En 1958 Quintana ideó la realización de una gran exposición fotográfica sobre el pueblo chileno que hoy es un referente visual e histórico. La muestra, titulada Rostro de Chile, se inauguró en 1960. El objetivo fundamental de la muestra era configurar un retrato visual de nuestra nación con las realidades geográficas y sociales de nuestros habitantes.

Quintana llegó a ser de los fotógrafos más importantes del país, por la calidad de sus imágenes, por su vocación de maestro, y por abrir nuevos derroteros técnicos y temáticos en fotografía.

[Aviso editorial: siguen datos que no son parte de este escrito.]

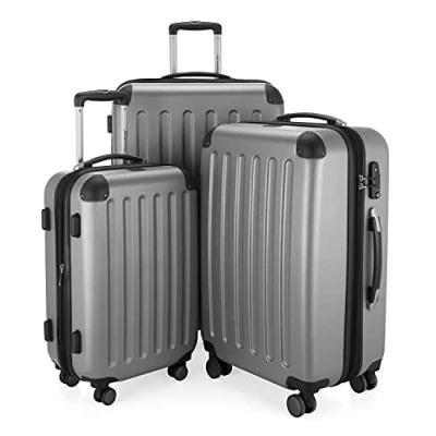 Comfortable set of 3: a suitable travel case for every occasion. The hand luggage (55 x 36 x 21 cm) is a comfortable companion for almost any airline. The medium suitcase (65 x 41 x 26 cm) is suitable for travelling from 1-2 weeks. The large hard shell trolley (75 x 50 x 30 cm) offers generous space for the big holiday from 3 weeks. 3-PIECE SET: A suitcase suitable for every occasion. The hand luggage (55 x 36 x 21 cm) is a comfortable companion for almost all airlines. The medium size suitcase (65 x 41 x 26 cm) for trips of 1-2 weeks. The large suitcase (75 x 50 x 30 cm) for long vacations from 3 weeks. SOLID MATERIAL: The mat ABS surface gives the suitcase its elegant finish. The suitcase is particularly STURDY and SHOCK RESISTANT. COMFORTABLE TRANSPORT: The 4 rubberized DOUBLE WHEELS, rotating 360 °, are particularly quiet and easy to handle. The fully retractable TELESCOPIC handle is extremely stable and ensures an upright posture. HANDLES on the top and side allow easy transport. MORE VOLUME: Extra space for souvenirs thanks to the generous expansion of the volume (around 15%) by pulling on a zipper.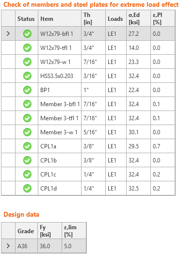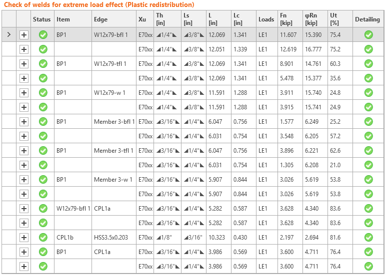 The plates are checked by finite element analysis. The bilinear material model is used with the yield strength multiplied by steel resistance factor \(\phi = 0.9\). The forces acting on other components of the connection, i.e. bolts and welds, are also determined by finite element analysis but their resistance is checked using standard formulas from AISC 360-16, ACI 318-14, and ACI 349-01. The most stressed weld element is checked and with further loading, the stress in weld is spreading into further weld elements. Therefore, the ultimate weld resistance is higher than simply dividing the force by weld utilization.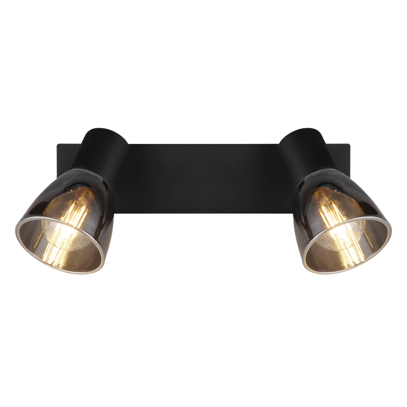 Globo 54307-2 CLAUDE - Nástěnná dvouramenná lampička v černé barvě s kouřovými skly, vypínač, 2 x E14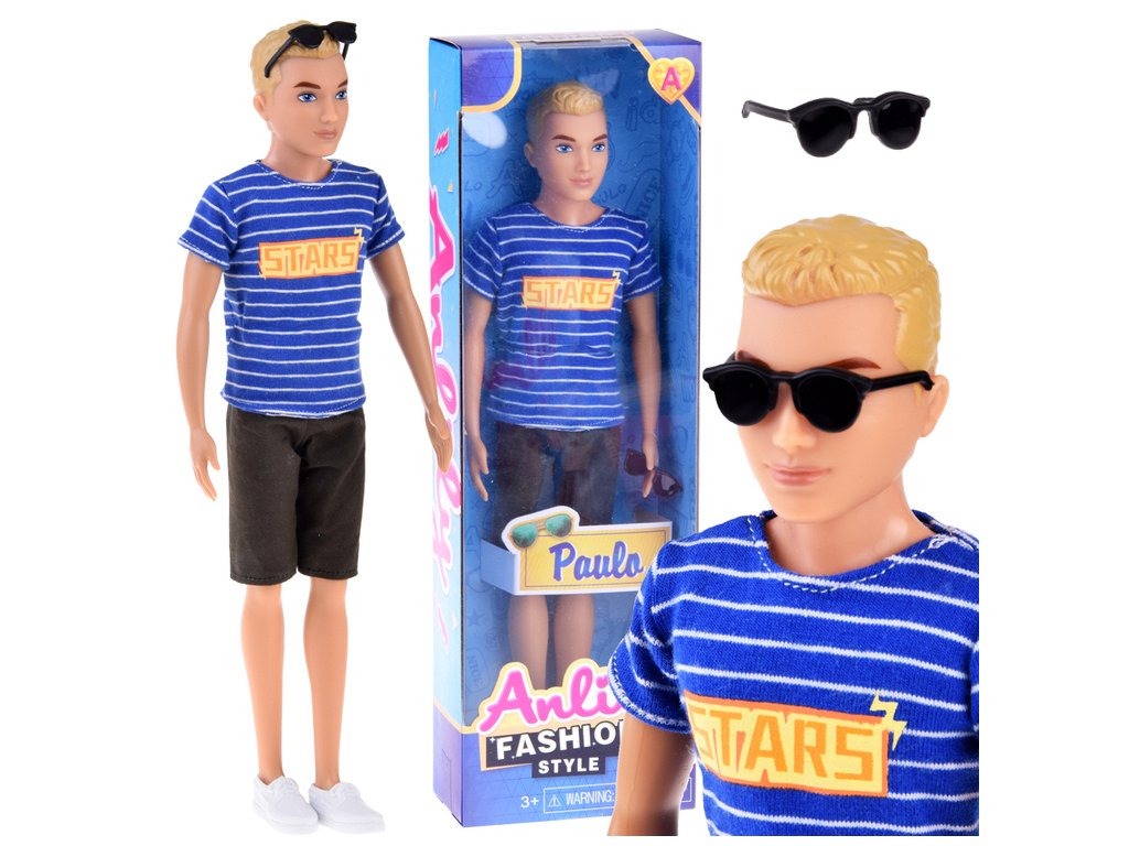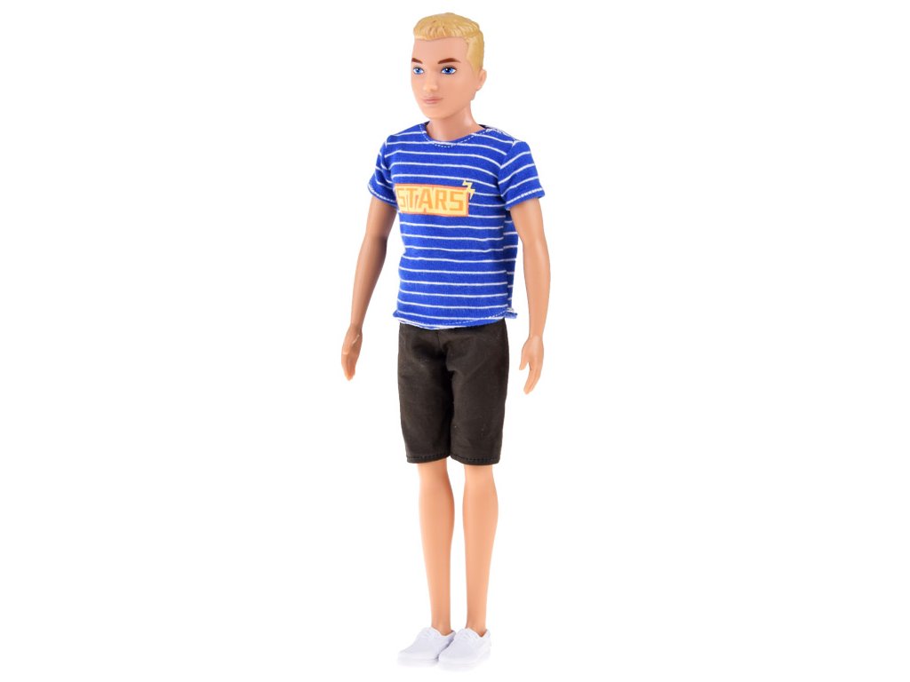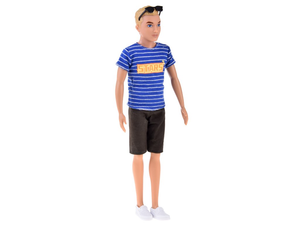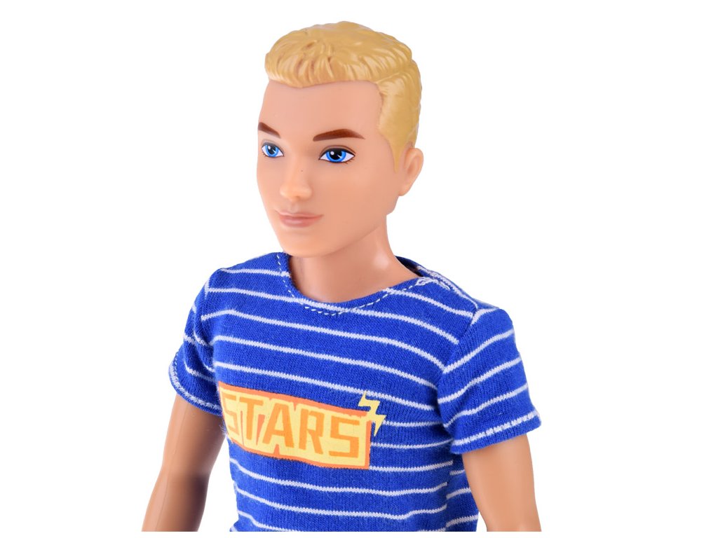 Păpușa stilată este partenerul ideal pentru jocuri cu orice păpușă. Frumos, înalt cu păr blond, îmbrăcat într-un tricou la modă albastru închis cu dungi albe, pantaloni scurți negri și mocasini albi. Are ochelari de soare negri pe nas. Păpușa sport are membre mobile. Jocul cu Ken va fi întotdeauna atrăgător și distractiv.

En la misma época, surge la figura de Sergio Larraín, fotógrafo que trabajó para la agencia Magnum y que en Chile realizó un notable registro de Valparaíso, además de una serie de otros trabajos. Larraín sofistica la mirada autoral, llevando la fotografía a nuevos rangos estéticos. Su trabajo se entrama con su pensamiento filosófico, que sustituye la idea del “instante decisivo” de Cartier-Bresson –quien fuera su mentor– por la noción oriental del “satori”, como actitud que más que “capaz imágenes” opta por una actitud contemplativa, concentrando la atención en el momento presente. Larraín dejó la fo-

tografía poco después del Golpe Militar chileno para recluirse en un pueblo montañoso del norte de Chile.

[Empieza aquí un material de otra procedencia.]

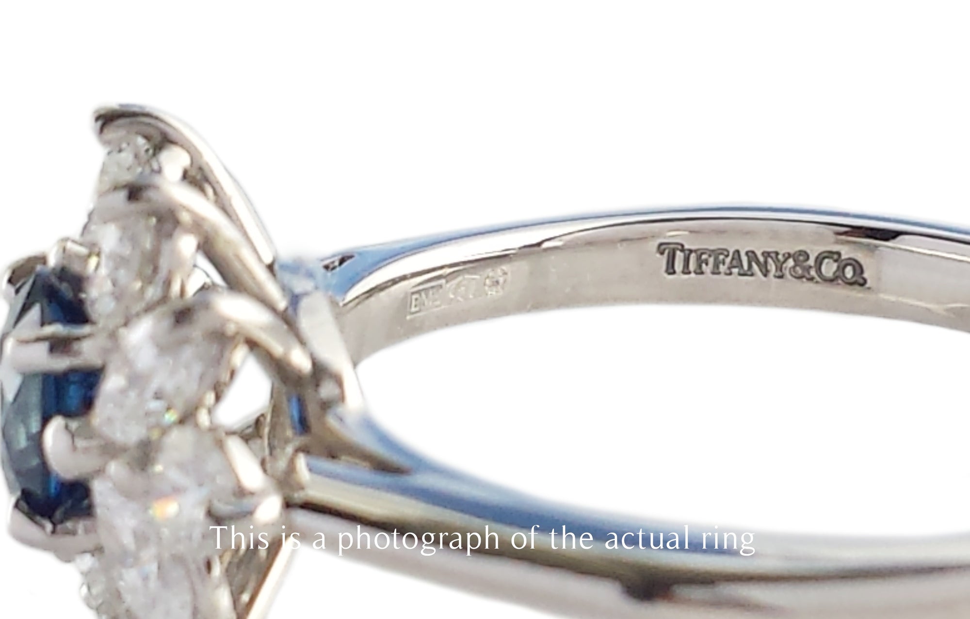 Inside the band the ring is stamped ©Tiffany & Co. PT950. With additional UK hallmarks for platinum.
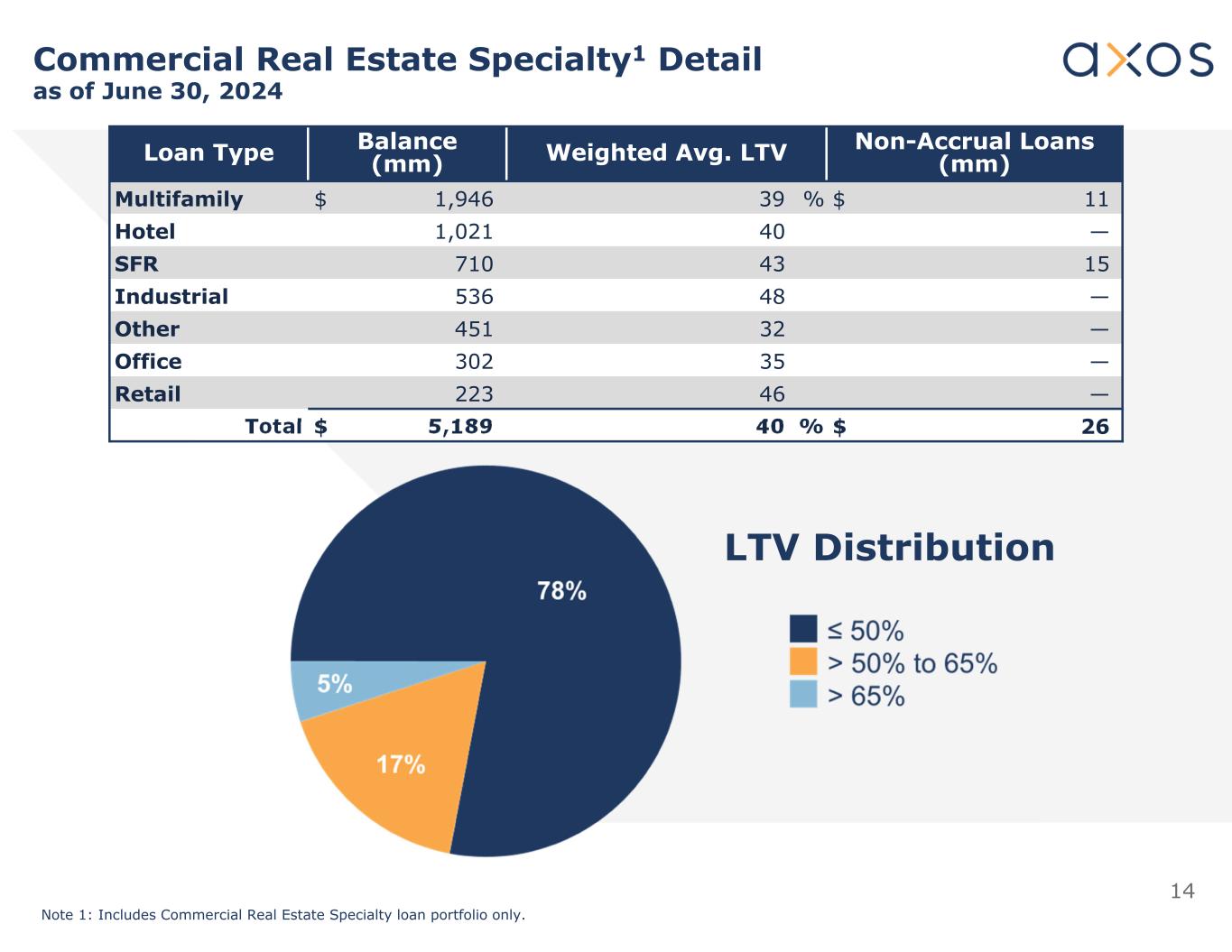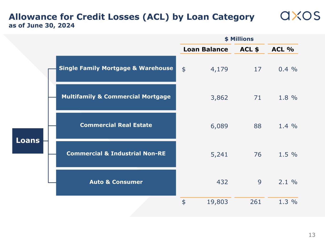 13 Allowance for Credit Losses (ACL) by Loan Category as of June 30, 2024 $ Millions ACL %ACL $Loan Balance 0.4 %17$ 4,179 1.8 %713,862 1.4 %886,089 1.5 %765,241 2.1 %9432 1.3 %261$ 19,803 Single Family Mortgage & Warehouse Multifamily & Commercial Mortgage Commercial Real Estate Commercial & Industrial Non-RE Auto & Consumer Loans

DISOLUCIÓN Y RECOMPOSICIÓN

Tras el Golpe y con la implantación de la Dictadura, en 1973, la autoría se diluye, junto con la censura impuesta a la libertad de expresión y la voz individual. Algunos fotógrafos continúan trabajando en silencio, otros prestan servicios, pero durante la primera década desaparecen figuras reconocibles en la fotografía. Sin embargo, subterráneamente, se van gestando una serie de agrupaciones que aparecen en los 80. La más importante es la Asociación de Fotógrafos Independientes, AFI. Esta agrupación gremial fue la encargada de la recomposición y fortalecimiento del medio fotográfico chileno. La AFI comenzó teniendo veintinueve socios, pero en sus años de funcionamiento pasaron por ahí 191 fotógrafos. El colectivo –que funcionó entre 1981 y 1993– fue una forma de apoyarse entre fotógrafos que venían desde distintos mundos (el arte, el periodismo, la publicidad, etc.), pero que estaban unidos por la necesidad de seguir expresándose a través de la fotografía, en el clima de censura y represión imperantes. Todos desarrollaban trabajos personales y algunos trabajaban para medios de prensa como reporteros gráficos. En la práctica, pertenecer a la AFI otorgaba un carnet gremial que ayudaba a sacar de la cárcel a los fotógrafos que eran apresados. Pero también otorgaba sentido de pertenencia y un espacio de diálogo crítico y creativo desde el cual intervenir en la cultura.

Varios de estos fotógrafos hoy están plenamente activos y siguen ejerciendo la influencia de su mirada política sobre las nuevas generaciones.